# GIVEN DATA
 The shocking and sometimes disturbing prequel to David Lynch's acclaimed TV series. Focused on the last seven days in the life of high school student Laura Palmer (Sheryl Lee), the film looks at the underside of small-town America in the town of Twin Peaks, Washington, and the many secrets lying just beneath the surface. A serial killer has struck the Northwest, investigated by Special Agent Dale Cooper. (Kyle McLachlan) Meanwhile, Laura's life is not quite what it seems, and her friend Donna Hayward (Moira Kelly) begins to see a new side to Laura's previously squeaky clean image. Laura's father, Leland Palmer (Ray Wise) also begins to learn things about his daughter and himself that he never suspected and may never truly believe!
==
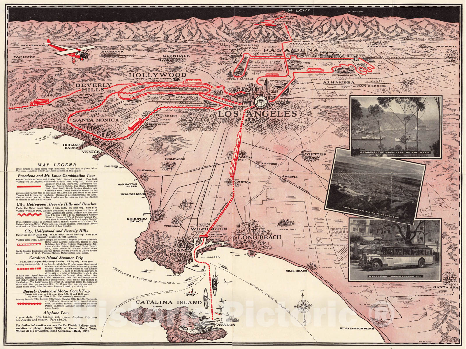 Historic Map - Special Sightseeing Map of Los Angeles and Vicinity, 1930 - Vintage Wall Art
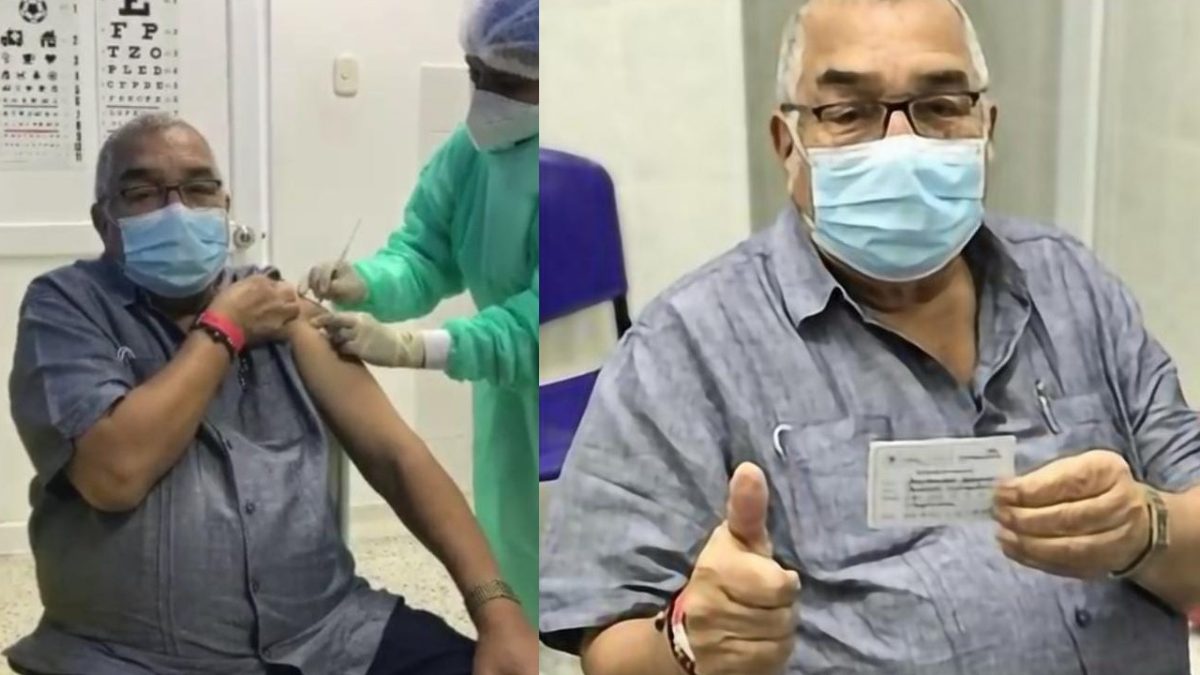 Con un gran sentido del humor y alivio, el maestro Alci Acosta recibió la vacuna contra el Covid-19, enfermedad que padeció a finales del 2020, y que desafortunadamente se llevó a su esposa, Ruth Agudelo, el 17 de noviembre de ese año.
---
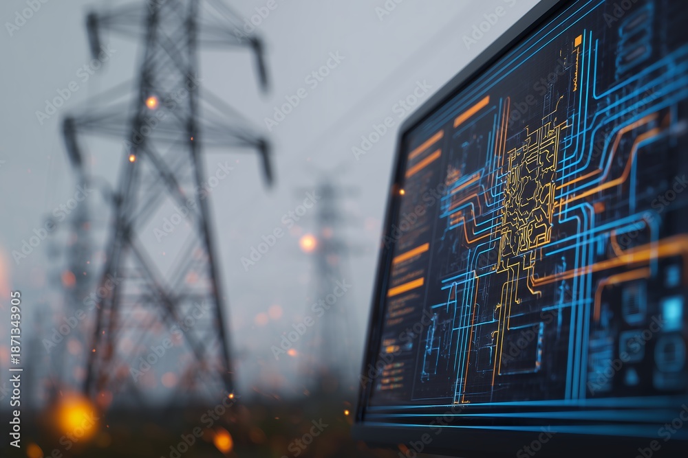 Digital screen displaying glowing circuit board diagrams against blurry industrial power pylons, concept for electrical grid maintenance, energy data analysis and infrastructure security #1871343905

# ACTION ITEM
Because only one stretch of the records is wanted, please output the lines from the one holding "Historic Map - Special" through the one holding "Con un gran" exactly, both included, and leave every picture out.

# REPLY
 Historic Map - Special Sightseeing Map of Los Angeles and Vicinity, 1930 - Vintage Wall Art
 Con un gran sentido del humor y alivio, el maestro Alci Acosta recibió la vacuna contra el Covid-19, enfermedad que padeció a finales del 2020, y que desafortunadamente se llevó a su esposa, Ruth Agudelo, el 17 de noviembre de ese año.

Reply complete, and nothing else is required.